Nos indicateurs de suivi :
Nombre d’entretiens de départ et de retour de congé maternité, d’adoption, parental ;
Nombre de demandes de congé paternité par rapport au nombre de bénéficiaires potentiels ;
Nombre de temps partiel hommes et femmes demandés et accordées ;
Nombre d’aménagements.
Article 6 : Lutte contre la discrimination
Afin de lutter contre toute discrimination en matière de recrutement, d'emploi et d'accès à la formation professionnelle, et en référence à l’accord QVT Groupe en cours de négociation, les collaborateurs étant amenés à réaliser des recrutements (RRH/DRH/Directeurs/Responsables de service) se verront proposer une formation.

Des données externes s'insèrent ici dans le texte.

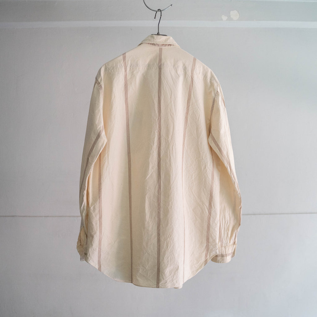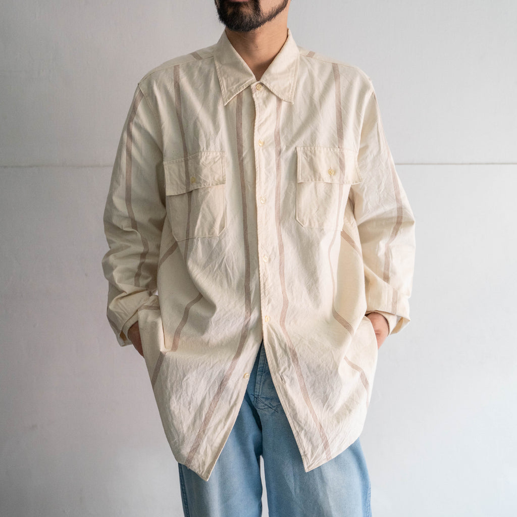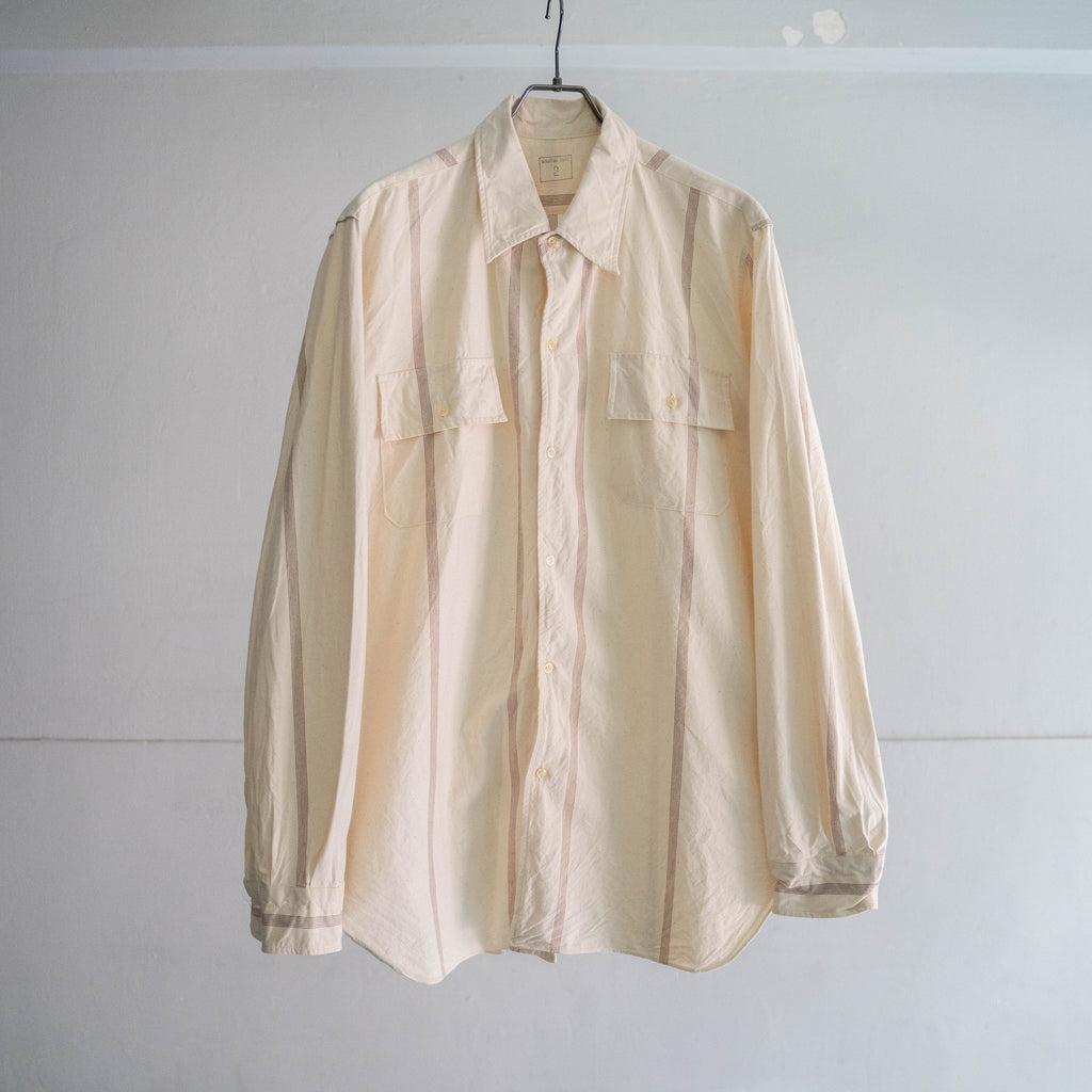 一般的にストライプシャツと言うと爽やかな印象がありますが、こちらは軍モノらしくやや無骨な印象にも見えます。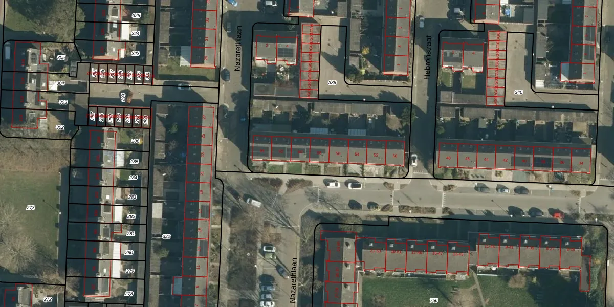 Het perceel waarop Jerusalemlaan 60 staat heeft een oppervlakte van 3863 m². Dit is een zeer groot perceel. De perceeloppervlakte wordt geregistreerd door het Kadaster. Gedetailleerde informatie over de maten van dit perceel kunt u vinden in het rapport Kadastrale kaart met maatvoering van Jerusalemlaan 60.

Article 7 : Suivi de l’accord
La Direction convient de consulter annuellement les Instances Représentatives du Personnel sur le bilan des indicateurs de suivi et le rapport de situation comparée. Cette consultation rendra compte des progrès réalisés dans les différents domaines visés et permettra le suivi des indicateurs issus de l’accord. Les indicateurs de suivi, le bilan ainsi que le tableau de situation comparée seront étudiés chaque année par les signataires du présent accord et pourront faire l’objet de modifications annuellement. Au terme de la période de 3 ans, les parties établiront un bilan général et envisageront la poursuite du présent accord ou sa modification. Les parties ont convenu de se revoir courant de l’année 2026 pour envisager une modification éventuelle des indicateurs visés dans l’accord.
Article 8 : Durée et dénonciation
Cet accord est conclu pour une durée déterminée de 3 ans et entrera en application à effet rétroactif au 1er janvier 2025. Il pourra être dénoncé par l’une quelconque des parties sous réserve d’un préavis de 3 mois. Cette dénonciation sera signifiée par lettre recommandée avec demande d’avis de réception aux autres parties, ainsi qu’à la DIRECCTE des Hautes Seines.
Les parties signataires s’efforceront toutefois de régler – avant dénonciation – par la négociation les modifications souhaitées par l’une des parties, ainsi que celles qui pourraient être rendues nécessaires par les évolutions des dispositions légales, réglementaires ou conventionnelles.
Article 9. Dépôt de l’Accord et Publicité
Le présent accord sera déposé en deux exemplaires, dont une version sur support électronique, auprès de la Direction régionale de l'économie, de l'emploi, du travail et des solidarités (DRIEETS).
Un exemplaire sera également déposé au secrétariat-greffe du Conseil de prud’hommes de Nanterre.